Тем не менее страстный накал революционеров не пропал даром. Разум так управляет историей, что, даже когда человек действует под влиянием грубых эмоций, рациональная цель не только достигается, но и полностью оправдывает любые средства, которые Дух считает необходимыми для своей миссии. Эта «хитрость разума» (List der Vernunft) — ответ Гегеля тем, кто мог бы утверждать, что его обожествление истории сталкивается со своей собственной проблемой зла: у Духа, — отвечает Гегель, — достаточно оснований для того, чтобы допускать иррациональность, потому что она является необходимой целью истории, а не случайным средством, которое в конечном счете имеет значение. После хаоса и тирании Французской революции Дух европейского общества оказался «отброшенным в этический и реальный мир культуры», разочаровавшись в утопических мечтаниях французских философов.
Иными словами, люди пришли к пониманию того, что для осмысленной актуализации свобода должна быть социально воплощена в промежуточных институтах и системе этических норм (Sittlichkeit). Если революция означала разрушение этих структур по необходимости, не принимая во внимание идеалы разума, к которым эти структуры вполне могут стремиться, тогда политическая мысль Гегеля была глубоко антиреволюционной.
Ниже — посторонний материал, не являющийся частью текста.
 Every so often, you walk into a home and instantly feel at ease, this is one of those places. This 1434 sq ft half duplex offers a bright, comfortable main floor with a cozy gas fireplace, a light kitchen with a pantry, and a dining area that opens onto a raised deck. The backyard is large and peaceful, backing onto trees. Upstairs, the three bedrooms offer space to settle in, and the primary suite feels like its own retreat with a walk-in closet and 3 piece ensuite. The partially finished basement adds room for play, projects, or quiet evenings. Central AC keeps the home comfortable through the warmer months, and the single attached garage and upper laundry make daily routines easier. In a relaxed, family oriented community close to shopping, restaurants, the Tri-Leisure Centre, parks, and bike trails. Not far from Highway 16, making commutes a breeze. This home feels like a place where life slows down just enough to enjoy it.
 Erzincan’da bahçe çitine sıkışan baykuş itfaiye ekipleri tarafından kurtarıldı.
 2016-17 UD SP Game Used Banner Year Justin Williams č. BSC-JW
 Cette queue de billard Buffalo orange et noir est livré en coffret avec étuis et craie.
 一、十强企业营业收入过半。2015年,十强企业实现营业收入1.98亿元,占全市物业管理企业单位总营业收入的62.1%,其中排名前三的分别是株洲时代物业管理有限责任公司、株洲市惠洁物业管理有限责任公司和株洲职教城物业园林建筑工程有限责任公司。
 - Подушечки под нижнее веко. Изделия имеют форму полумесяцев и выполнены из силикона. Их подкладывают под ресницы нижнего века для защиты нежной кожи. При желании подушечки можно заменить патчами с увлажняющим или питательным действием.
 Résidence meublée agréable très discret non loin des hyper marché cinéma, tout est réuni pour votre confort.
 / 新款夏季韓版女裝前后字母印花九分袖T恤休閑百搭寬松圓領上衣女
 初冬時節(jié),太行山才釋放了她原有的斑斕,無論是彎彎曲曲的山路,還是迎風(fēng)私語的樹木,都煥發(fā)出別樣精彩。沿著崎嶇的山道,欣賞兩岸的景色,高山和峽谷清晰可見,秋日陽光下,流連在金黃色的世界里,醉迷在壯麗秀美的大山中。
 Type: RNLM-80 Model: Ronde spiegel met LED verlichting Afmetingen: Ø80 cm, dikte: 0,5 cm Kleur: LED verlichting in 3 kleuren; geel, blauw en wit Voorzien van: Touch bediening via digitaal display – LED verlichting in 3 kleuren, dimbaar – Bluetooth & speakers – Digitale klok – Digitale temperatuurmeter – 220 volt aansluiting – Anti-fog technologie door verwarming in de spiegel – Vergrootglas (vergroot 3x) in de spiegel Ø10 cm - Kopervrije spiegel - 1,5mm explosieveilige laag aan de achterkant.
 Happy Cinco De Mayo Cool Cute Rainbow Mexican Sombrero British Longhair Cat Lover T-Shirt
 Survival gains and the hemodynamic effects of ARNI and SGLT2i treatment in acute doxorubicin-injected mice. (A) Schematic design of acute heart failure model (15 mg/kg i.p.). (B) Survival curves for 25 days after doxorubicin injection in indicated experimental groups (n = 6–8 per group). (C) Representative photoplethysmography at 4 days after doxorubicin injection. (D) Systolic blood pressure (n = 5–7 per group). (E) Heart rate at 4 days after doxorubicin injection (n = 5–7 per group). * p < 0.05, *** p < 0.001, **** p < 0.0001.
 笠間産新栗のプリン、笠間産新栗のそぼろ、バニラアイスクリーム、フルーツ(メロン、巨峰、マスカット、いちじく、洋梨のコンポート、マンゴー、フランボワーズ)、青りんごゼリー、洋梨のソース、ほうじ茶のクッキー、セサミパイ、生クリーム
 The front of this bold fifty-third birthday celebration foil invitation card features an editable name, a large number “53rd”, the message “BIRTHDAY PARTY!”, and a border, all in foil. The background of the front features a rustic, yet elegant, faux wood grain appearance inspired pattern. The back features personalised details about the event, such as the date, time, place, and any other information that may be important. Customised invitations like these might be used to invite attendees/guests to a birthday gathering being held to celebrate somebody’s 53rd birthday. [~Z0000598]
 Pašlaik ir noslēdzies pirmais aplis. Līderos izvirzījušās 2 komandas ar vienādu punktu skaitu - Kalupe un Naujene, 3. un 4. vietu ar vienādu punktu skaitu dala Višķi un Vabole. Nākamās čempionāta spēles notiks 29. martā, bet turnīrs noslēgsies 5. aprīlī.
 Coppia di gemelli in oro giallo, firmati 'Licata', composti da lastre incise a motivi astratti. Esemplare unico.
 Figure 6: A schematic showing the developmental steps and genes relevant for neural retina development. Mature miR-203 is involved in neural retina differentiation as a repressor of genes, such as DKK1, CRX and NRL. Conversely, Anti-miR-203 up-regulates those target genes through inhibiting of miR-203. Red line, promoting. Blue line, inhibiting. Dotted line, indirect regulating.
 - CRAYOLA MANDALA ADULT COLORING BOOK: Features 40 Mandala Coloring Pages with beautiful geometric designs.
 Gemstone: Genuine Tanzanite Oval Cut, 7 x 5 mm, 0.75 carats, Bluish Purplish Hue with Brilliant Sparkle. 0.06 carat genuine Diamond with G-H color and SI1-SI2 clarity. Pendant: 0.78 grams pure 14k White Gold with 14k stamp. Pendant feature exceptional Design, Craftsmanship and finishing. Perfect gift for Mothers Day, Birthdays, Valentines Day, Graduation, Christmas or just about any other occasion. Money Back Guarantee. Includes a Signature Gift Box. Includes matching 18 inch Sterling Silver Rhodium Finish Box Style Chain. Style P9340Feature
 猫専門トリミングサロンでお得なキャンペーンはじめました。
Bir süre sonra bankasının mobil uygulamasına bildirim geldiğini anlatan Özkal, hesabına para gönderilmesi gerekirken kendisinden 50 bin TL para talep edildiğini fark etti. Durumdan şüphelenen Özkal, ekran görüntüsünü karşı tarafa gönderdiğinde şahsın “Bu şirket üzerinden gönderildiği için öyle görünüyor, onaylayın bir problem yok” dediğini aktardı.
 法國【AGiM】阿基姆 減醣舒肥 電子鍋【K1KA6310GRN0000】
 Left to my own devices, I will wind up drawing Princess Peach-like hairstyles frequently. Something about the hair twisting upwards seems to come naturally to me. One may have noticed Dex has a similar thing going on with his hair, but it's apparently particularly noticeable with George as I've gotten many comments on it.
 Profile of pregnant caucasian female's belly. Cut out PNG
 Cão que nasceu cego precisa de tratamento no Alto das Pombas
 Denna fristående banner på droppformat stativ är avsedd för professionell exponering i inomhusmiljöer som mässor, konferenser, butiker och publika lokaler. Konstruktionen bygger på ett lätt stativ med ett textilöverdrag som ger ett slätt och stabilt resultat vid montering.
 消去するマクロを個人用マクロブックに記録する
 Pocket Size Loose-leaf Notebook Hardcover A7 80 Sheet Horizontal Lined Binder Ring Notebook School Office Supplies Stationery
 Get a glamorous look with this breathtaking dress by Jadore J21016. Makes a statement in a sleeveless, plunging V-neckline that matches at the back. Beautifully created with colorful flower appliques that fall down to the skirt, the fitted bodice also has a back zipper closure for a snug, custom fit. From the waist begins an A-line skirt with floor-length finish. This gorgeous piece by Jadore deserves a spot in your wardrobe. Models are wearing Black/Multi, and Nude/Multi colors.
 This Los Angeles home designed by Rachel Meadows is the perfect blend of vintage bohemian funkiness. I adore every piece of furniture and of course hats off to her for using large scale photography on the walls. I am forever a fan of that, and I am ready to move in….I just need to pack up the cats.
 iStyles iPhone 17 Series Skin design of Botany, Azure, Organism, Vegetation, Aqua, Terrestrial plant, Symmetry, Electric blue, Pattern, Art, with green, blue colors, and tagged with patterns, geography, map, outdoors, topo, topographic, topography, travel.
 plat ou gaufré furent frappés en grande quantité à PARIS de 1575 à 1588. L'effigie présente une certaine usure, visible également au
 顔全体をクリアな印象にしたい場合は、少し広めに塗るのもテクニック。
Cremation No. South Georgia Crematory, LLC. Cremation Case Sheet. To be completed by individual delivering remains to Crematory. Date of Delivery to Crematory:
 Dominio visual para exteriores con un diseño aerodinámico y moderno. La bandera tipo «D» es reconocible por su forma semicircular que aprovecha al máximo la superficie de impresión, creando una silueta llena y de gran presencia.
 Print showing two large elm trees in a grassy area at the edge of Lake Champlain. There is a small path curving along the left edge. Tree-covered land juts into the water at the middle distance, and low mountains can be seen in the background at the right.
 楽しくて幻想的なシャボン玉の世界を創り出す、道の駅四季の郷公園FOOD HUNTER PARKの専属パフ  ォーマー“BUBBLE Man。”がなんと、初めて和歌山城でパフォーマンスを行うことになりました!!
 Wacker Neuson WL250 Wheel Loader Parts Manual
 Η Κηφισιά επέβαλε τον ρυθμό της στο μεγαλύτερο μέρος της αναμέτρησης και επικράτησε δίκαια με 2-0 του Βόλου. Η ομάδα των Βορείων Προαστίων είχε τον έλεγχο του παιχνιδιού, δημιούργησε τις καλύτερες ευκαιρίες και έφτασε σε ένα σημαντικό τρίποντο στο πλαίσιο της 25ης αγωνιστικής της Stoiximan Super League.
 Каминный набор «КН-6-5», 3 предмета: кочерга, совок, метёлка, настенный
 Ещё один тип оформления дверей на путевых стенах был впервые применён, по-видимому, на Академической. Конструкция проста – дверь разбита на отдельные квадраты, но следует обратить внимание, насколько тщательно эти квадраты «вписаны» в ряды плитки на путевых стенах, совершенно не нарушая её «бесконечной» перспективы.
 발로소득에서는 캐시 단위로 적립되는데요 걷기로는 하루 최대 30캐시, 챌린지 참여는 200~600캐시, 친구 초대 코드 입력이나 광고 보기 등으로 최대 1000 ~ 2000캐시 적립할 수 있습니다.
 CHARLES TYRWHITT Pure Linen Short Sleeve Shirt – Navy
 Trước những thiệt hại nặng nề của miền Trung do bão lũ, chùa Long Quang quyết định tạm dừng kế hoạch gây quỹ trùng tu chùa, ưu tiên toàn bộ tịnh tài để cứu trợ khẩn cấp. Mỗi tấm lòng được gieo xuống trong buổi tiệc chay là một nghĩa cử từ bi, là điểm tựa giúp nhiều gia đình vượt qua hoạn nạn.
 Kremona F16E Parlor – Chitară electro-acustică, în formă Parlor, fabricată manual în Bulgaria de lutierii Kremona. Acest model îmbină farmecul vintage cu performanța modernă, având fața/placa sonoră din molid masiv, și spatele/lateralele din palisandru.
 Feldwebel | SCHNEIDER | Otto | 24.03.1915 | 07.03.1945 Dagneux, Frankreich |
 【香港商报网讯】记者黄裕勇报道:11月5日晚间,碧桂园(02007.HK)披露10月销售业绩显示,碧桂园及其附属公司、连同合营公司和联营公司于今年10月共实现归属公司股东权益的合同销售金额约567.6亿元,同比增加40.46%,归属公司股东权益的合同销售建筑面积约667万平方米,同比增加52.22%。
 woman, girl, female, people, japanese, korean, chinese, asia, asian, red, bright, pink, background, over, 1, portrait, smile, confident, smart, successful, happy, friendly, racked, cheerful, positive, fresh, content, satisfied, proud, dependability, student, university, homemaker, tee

Цель Гегеля заключалась в том, чтобы современное государство строилось рационально посредством процесса реформ. Проблема в том, что его собственные консервативные, реформаторские инстинкты всегда были подвержены революционному потенциалу более крупной системы, которую он завещал своим ученикам. По мнению Гегеля, реформа осуществима только в том случае, если желаемые рациональные идеалы имплицитно присутствуют в существующих социальных практиках и, следовательно, могут быть сознательно направлены на осуществление. Но что, если существующие социальные практики — например, фундаментально дифференцированная классовая структура современного мира, которую защищал Гегель, — являются теми самыми вещами, которые мешают разумной реформе и только укрепляют отчуждение?
Молодые гегельянцы, такие как Маркс, рассматривали сохраняющуюся бедность как яркое свидетельство бессилия реформ и основанием для новой классовой революции. Только вооруженные философией Гегеля политические революционеры могли теперь работать с историческими условиями, как это всегда пытался делать Карл Маркс, а не восставать против них во имя вневременной абстракции. Маркс спроецировал в будущее философию, которую Гегель задумал как ретроспективный взгляд на прошлое. Революционная загробная жизнь политической мысли Гегеля является доказательством способности философской системы, однажды попавшей в менее осторожные руки, опередить своего первоначального создателя.